Elijah Newren <newren@xxxxxxxxx> · Mon, 8 Feb 2021 08:25:00 -0800

On Mon, Feb 8, 2021 at 3:44 AM Derrick Stolee <stolee@xxxxxxxxx> wrote:
>
> On 2/8/2021 3:38 AM, Elijah Newren wrote:
> > On Sun, Feb 7, 2021 at 11:51 AM Junio C Hamano <gitster@xxxxxxxxx> wrote:
> >>
> >> Derrick Stolee <stolee@xxxxxxxxx> writes:
> >>
> >>> Before I get too deep into reviewing these patches, I do want
> >>> to make it clear that the speed-up is coming at the cost of
> >>> a behavior change. We are restricting the "best match" search
> >>> to be first among files with common base name (although maybe
> >>> I would use 'suffix'?). If we search for a rename among all
> >>> additions and deletions ending the ".txt" we might find a
> >>> similarity match that is 60% and declare that a rename, even
> >>> if there is a ".txt" -> ".md" pair that has a 70% match.
> >>
> >> Yes, my initial reaction to the idea was that "yuck, our rename
> >> detection lost its purity".  diffcore-rename strived to base its
> >> decision purely on content similarity, primarily because it is one
> >> of the oldest part of Git where the guiding principle has always
> >> been that the content is the king.  I think my aversion to the "all
> >> of my neighbors are relocating, so should I move to the same place"
> >> (aka "directory rename") comes from a similar place, but in a sense
> >> this was worse.
> >>
> >> At least, until I got over the initial bump.  I do not think the
> >> suffix match is necessarily a bad idea, but it adds more "magically
> >> doing a wrong thing" failure modes (e.g. the ".txt" to ".md" example
> >> would probably have more variants that impact the real life
> >> projects; ".C" vs ".cc" vs ".cxx" vs ".cpp" immediately comes to
> >> mind), and a tool that silently does a wrong thing because it uses
> >> more magic would be a tool that is hard to explain why it did the
> >> wrong thing when it does.
> >
> > Stolee explained a new algorithm different than what I have proposed,
>
> Yes, sorry for adding noise. The point stands that we are changing
> the behavior in some cases, so that must be agreed upon. What you
> are _actually_ proposing is a much smaller change than I thought,
> but it is still worth pointing out the behavior change.

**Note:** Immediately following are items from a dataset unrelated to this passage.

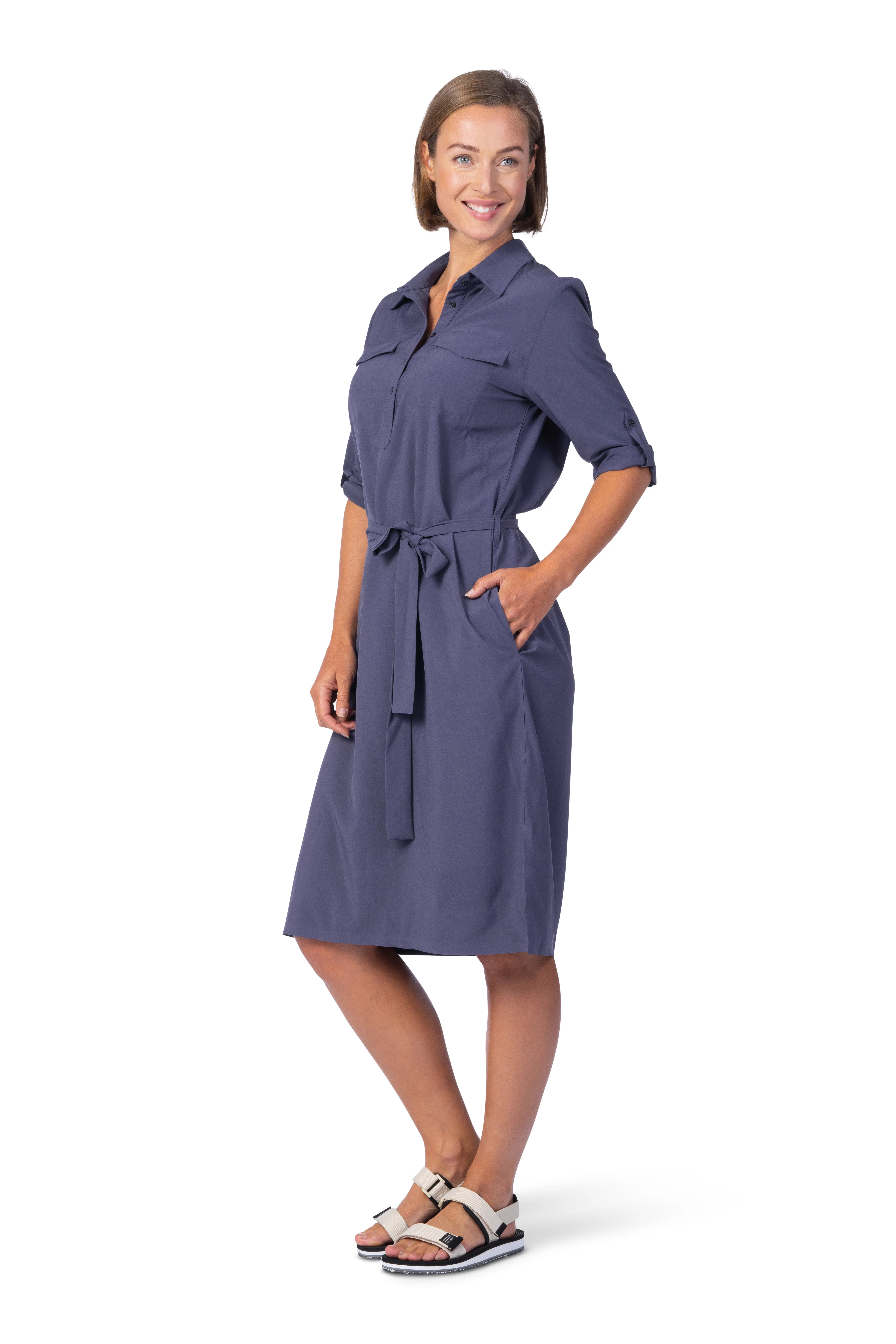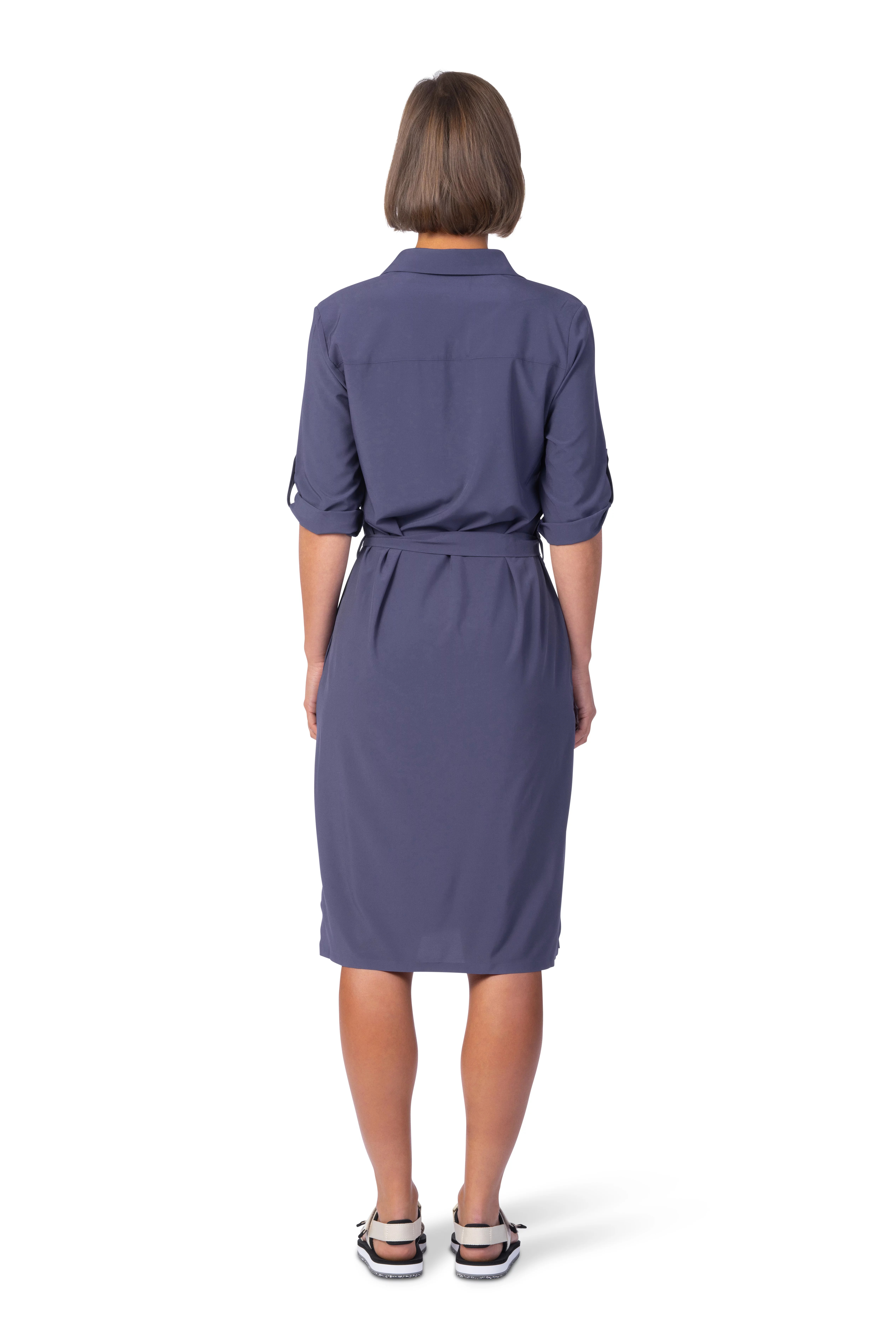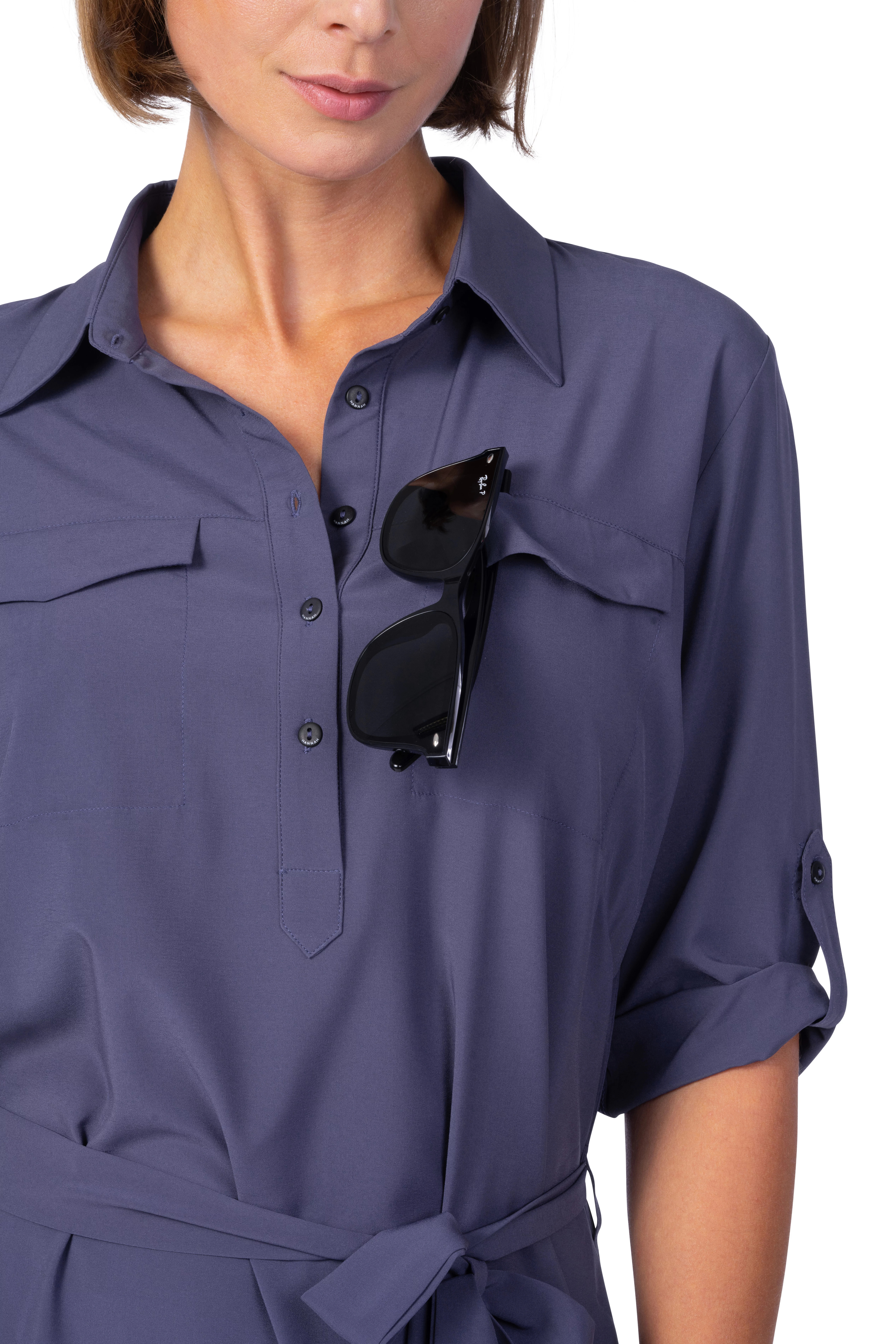 Dámské lehoučké šaty s delším rukávem jsou vyrobeny z funkčního a vysoce elastického a prodyšného materiálu AFT Stretch. Neuvěřitelně lehký, jemný a příjemný funkční elastický materiál oceníte během horkých letních dní. Elegantní košilový delší střih nad kolena s páskem v pase.Rukávy lze nosit v delším provedení či ohrnout na kratší délku a zapnout na knoflíček. Lepený dolní kraj i lem rukávů dodává šatům čistý vzhled. Jednobarevné provedení a elegantní styl v kombinaci s funkčností a pohodlím oceníte pro běžné nošení, cestování a volný čas.
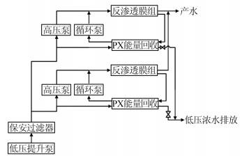 图2为采用PX能量回收装置的海水反渗透单元流程。
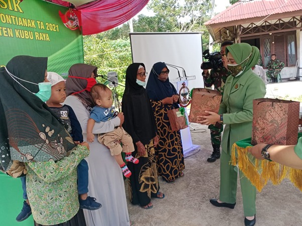 Kubu Raya – Satgas TMMD ke-111 Kodim 1207/Pontianak tidak hanya menyelesaikan pengerjaan sasaran fisik saja. Namun disela kegiatan fisik, anggota satgas juga menggelar kegiatan non fisik salah satunya dengan melibatkan anggota Persit Kartika Candra Kirana Cabang LI Kodim 1207/Pontianak, Rabu (07/07/2021).
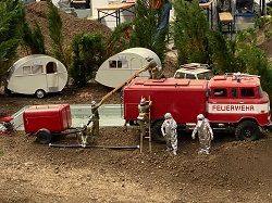 Da war die Tankstelle zusehen, die im Original in Erfurt, Nähe des Stadions steht; das Feuerwehrfahrzeug, jetzt mit den Kameraden der Feuerwehr, teilweise in ihren Gefahrenschutzanzügen und die Baustelle, auf der aus Anlass des 35. Parteitages, neue Wohnungen für die Werktätigen entstehen.
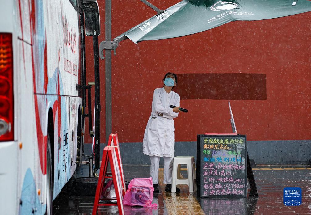 7月30日,在北京雍和宮大街一處獻血車前,值班人員抬頭觀察雨勢。
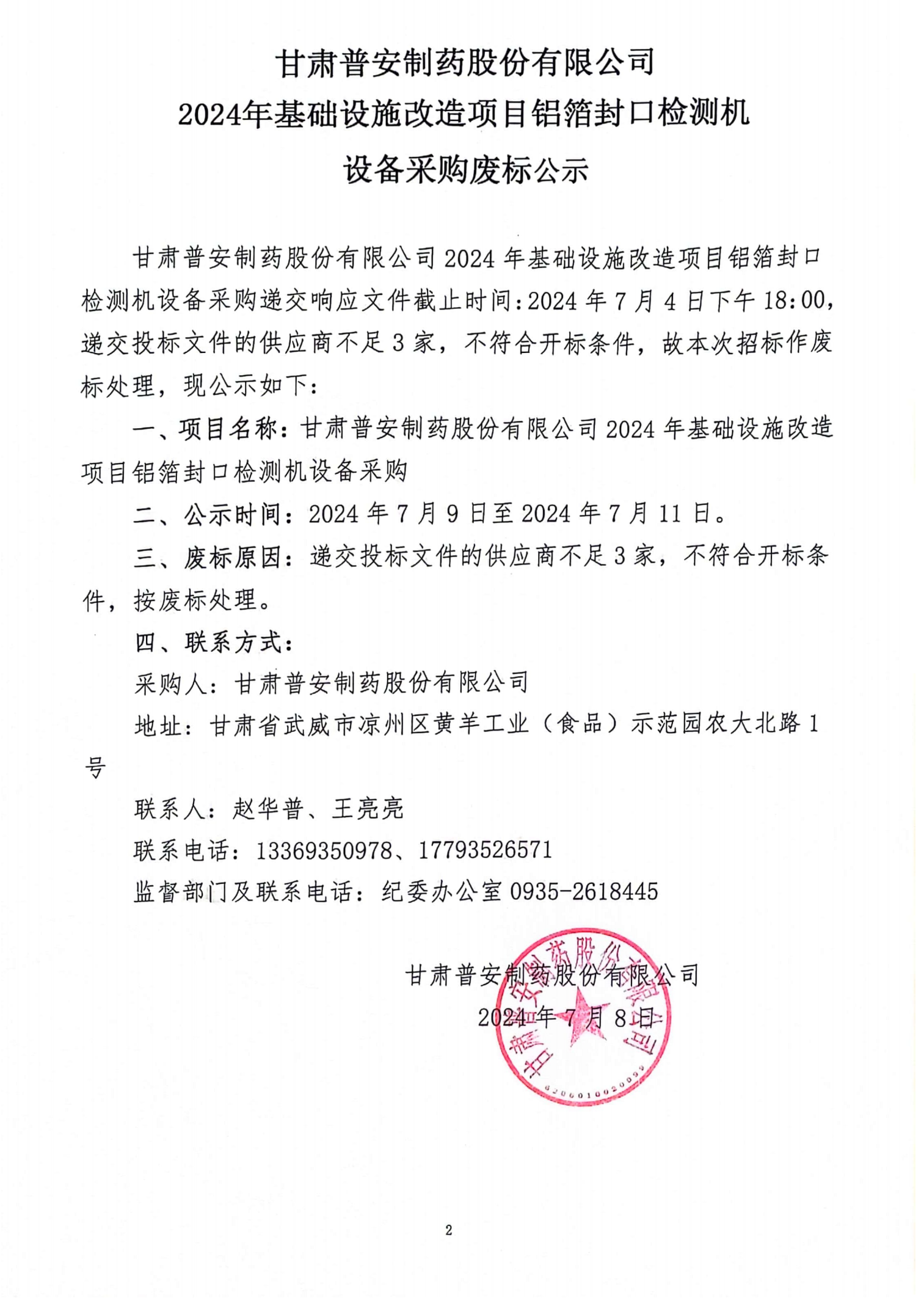 甘肅普安制藥股份有限公司2024年基礎設施改造項目鋁箔封口機設備采購廢標公示
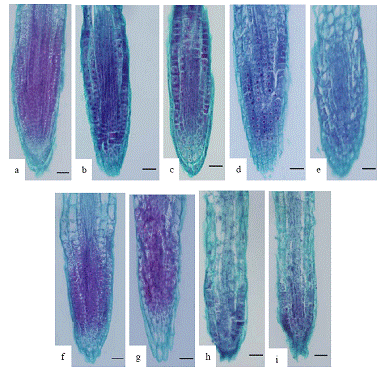 - 本作品研究发现,与对照相比,卡那霉素、潮霉素处理的拟南芥幼苗子叶较小、主根较短,侧根没有形成,且随抗生素浓度的增加主根越来越短,而潮霉素处理的拟南芥子叶、根尤为明显几乎不生长。此外,生长于含卡那霉素培养基上拟南芥幼苗的黄化程度越来越严重、褐化死亡率也越来越高,同时也发现卡那霉素、潮霉素对拟南芥幼苗抑制作用的可逆性非常小。进一步分析发现,抗生素处理的拟南芥幼苗根尖分生区的细胞呈现不规则排列、分裂能力减弱、分化程度明显,且细胞间隙加大,而与潮霉素相比,卡那霉素对拟南芥幼苗根尖的影响较弱。总之,尽管卡那霉素对拟南芥幼苗的影响明显弱于潮霉素,但是它们都抑制了拟南芥幼的生长和发育,也严重影响了其光合作用,从而影响拟南芥幼苗主根的生长和侧根的发生。

Again, no need to apologize; if my commit messages weren't clear, they
need to be fixed.  I am much more surprised here by your repeated
point that it's worth pointing out the behavior change.  I totally
agree with that, and it's why I spent two paragraphs on the second
commit message explicitly covering this and listing four enumerated
reasons to argue for the change.  So, I thought I had done that, but
it apparently isn't very clear...and I'm left wondering how to clarify
it further.  So, a question for you: How should I change it?  Should I
just modify the third commit message to re-highlight that it does
change behavior and refer to the second commit message for details?
Because repeating the point is the only way I can think of to make it
clearer.  Is there anything else I can or should do?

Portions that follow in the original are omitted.